The initial step of the Tiling Array experiment was the identification of probes that are part of transcriptional active regions (TARs), based on the probe intensities. In the first step, in order to identify transcriptionally active probes, the average log2 intensities of biological replicates were calculated and a threshold value of 8.8 was chosen to distinguish the probe intensities of TARs (ON probes) from the background signal (OFF probes). This threshold was determined by analyzing intensities of annotated genes that were known to be transcriptionally active. Secondly, groups of 4-13 successive transcriptionally active probes were combined into short transcriptionally active regions (TARs). Selection of smaller regions beyond the threshold of 4-13 successive probes would lead to a high number of false positives and towards the identification of very small genes that would be difficult to amplify at a later stage. We found that all active regions of 14-15 successive probes resulted in TARs that were previously annotated (TAIR7), supporting our choice of size limits. In a third step, TARs were withheld if the number of transcriptionally active probes was smaller in the control than in the BC treatment and if the average log2 intensity of all probes in the smallest of the two regions was at least 1.4 higher in the BC treatment than in the control. Both rules were based on the tiling array results for genomic regions that were known to be induced upon BC treatment. The former rule was added because of the frequent occurrence of probes having zero intensity in one of the four hybridizations. In small regions these zero values can have substantial influence on the average log2 intensity leading to false positive calls. The threshold for upregulation by BC was refined by comparing qRT-PCR and tiling array results for 30 selected TARs. All upregulations of 1.4 or more (corresponding to 2.6 fold or more) in the tiling arrays could be confirmed by qRT-PCR supporting our choice of threshold. Finally, each selected region was compared to the A. thaliana TAIR7 genome annotation and only regions that were located in intergenic regions, introns or pseudogenes were withheld [1].

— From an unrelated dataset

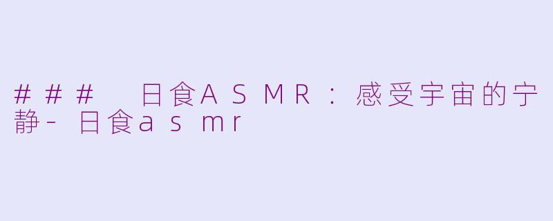 日食,这一千载难逢的天文现象,吸引了无数人的目光。而结合ASMR(自发性知觉经络反应),则为我们带来了前所未有的体验。日食ASMR不仅仅是视觉的盛宴,更是听觉的享受。在这一过程中,我们可以感受到大自然的宁静与神秘。

Plant material, treatments and analysis of biotic and abiotic stress RNA-seq data

RNA-seq analysis was performed on mRNA extracted from A. thaliana leaves treated with Paraquat or B. cinerea. To this end, plants were sprayed evenly until run off with Paraquat (25 μM; Sigma) or mock treated with sterile water. For the inoculation with B. cinerea, plants were sprayed evenly until run off with a spore suspension of 5 x 104 B. cinerea B05.10 spores/ml in 1/2 PDB (12 g/L Potato Dextrose Broth) or mock treated with ½ PDB. Plants were kept at 100% relative humidity. Two days post treatment, a pool of six randomly selected plants was collected and all aboveground plant material was harvested in liquid nitrogen and stored at -80°C prior to further analysis. Three biological replicates were used for both the control plants and treated plants. Total RNA was isolated using the Plant RNA Qiagen RNeasy kit according to the manufacturer’s instruction (Qiagen,Valencia, CA, USA). RNA quantity and quality control was performed using a NanoDrop ND-1000 spectrophotometer (NanoDrop Technologies, DE, USA) and the Agilent 2100 Bioanalyzer (Agilent Technologies, CA, USA). Library preparation was performed using the Illumina (USA) TruSeq kit and 150 bp paired-end sequencing was performed in one lane of an Illumina NextSeq 500 sequencer using the NextSeq High Output kit (300 cycles, Illumina, USA) according to the manufacturer’s instructions. Each biological replicate had further 4 technical replicates in different lanes, resulting in a total of 48 samples. A total of 334,624,105 reads were obtained from 48 samples which amounts to an average of 6971335.52 reads per sample (Additional file 10: Table S1). The samples were named based on their replicate number and their experimental condition. In the manuscript, the untreated samples are referred to as MOCK_PQ and MOCK_BC and the treated samples as PQ and BC respectively.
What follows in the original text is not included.